Comparative Example 7
A predetermined amount of isoE2 was added to a 1 liter four-necked flask, and the temperature was adjusted to 50 ° C. with stirring under a nitrogen stream. Next, a predetermined amount of poly F1 was added with stirring, and the temperature was raised to 110 ° C. after the exothermic reaction of the urethanization reaction had subsided. When the internal temperature was stabilized at 110 ° C., a predetermined amount of catalyst H1 diluted to 1% with polyF1 was added. About 15 minutes after addition of the catalyst H1, the rise in the liquid temperature was confirmed, and the reaction was followed. However, the reaction temperature could not be controlled due to rapid exotherm, and the prepolymer which is the object of the present invention was not obtained because of gelation. It was. Therefore, it could not be used as a prepolymer that solves the first problem.

Comparative Example 8
A predetermined amount of isoE1 was added to a 1 liter four-necked flask, and the temperature was adjusted to 50 ° C. with stirring under a nitrogen stream. Next, a predetermined amount of poly F1 was added with stirring, and the temperature was raised to 110 ° C. after the exothermic reaction of the urethanization reaction had subsided. When the internal temperature was stabilized at 110 ° C., a predetermined amount of catalyst H1 diluted to 1% with polyF1 was added. About 10 minutes after addition of catalyst H1, the rise in the liquid temperature could be confirmed, and the reaction was followed. However, the reaction temperature could not be controlled due to rapid exotherm, so when the internal temperature reached 124 ° C, catalyst poison J was removed. The reaction was stopped by adding a predetermined amount. The synthesized prepolymer was a pale yellow transparent liquid at room temperature, but the amount of isocyanurate groups was large and the prepolymer which was the object of the present invention was not obtained. From the viewpoint that the reaction cannot be controlled, it has been difficult to use it as a prepolymer that solves the first problem.

Examples 14 to 16
As in Examples 1 to 4, “P-1”, “P-2”, “P-3” as the isocyanate component, “B-1” as the polyol component, and the isocyanate group / activity in the combinations shown in Table 6 A polyurethane resin-forming composition was obtained by mixing so that hydrogen group = 1.00 (equivalent ratio). According to this example, by applying the allophanate group-containing polyisocyanate composition capable of easily controlling the reaction according to Embodiment 2 to the polyurethane resin-forming composition of Embodiment 1, the mixed viscosity and the pot life are satisfied. Can be said.

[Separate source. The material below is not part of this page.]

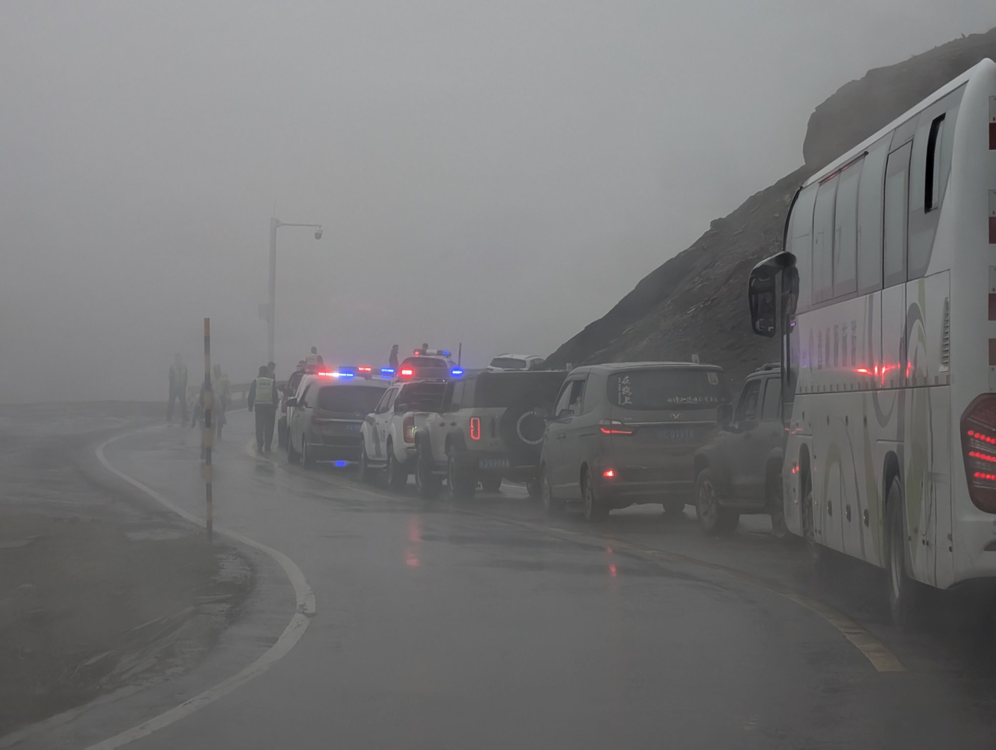 雨还在下。我们按原定计划开车前往喀纳斯景区。要沿 S232 省道开一个半小时,不过此时路上车超多。走走停停,堵起来了。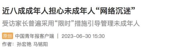 今年6月,《未成年人網絡權益保護及安全感滿意度調查報告》顯示,近八成成年人擔心未成年人“網絡沉迷”。

Although the present invention has been described in detail and with reference to specific embodiments, it will be apparent to those skilled in the art that various changes and modifications can be made without departing from the spirit and scope of the invention.

Japanese Patent Application No. 2015-252102 filed on December 24, 2015, Japanese Patent Application No. 2016-58205 filed on Mar. 23, 2016, Japanese Patent Application filed on Sep. 23, 2016 The entire contents of the specification, claims, drawings and abstract of application 2016-185222 are hereby incorporated herein by reference as the disclosure of the specification of the present invention.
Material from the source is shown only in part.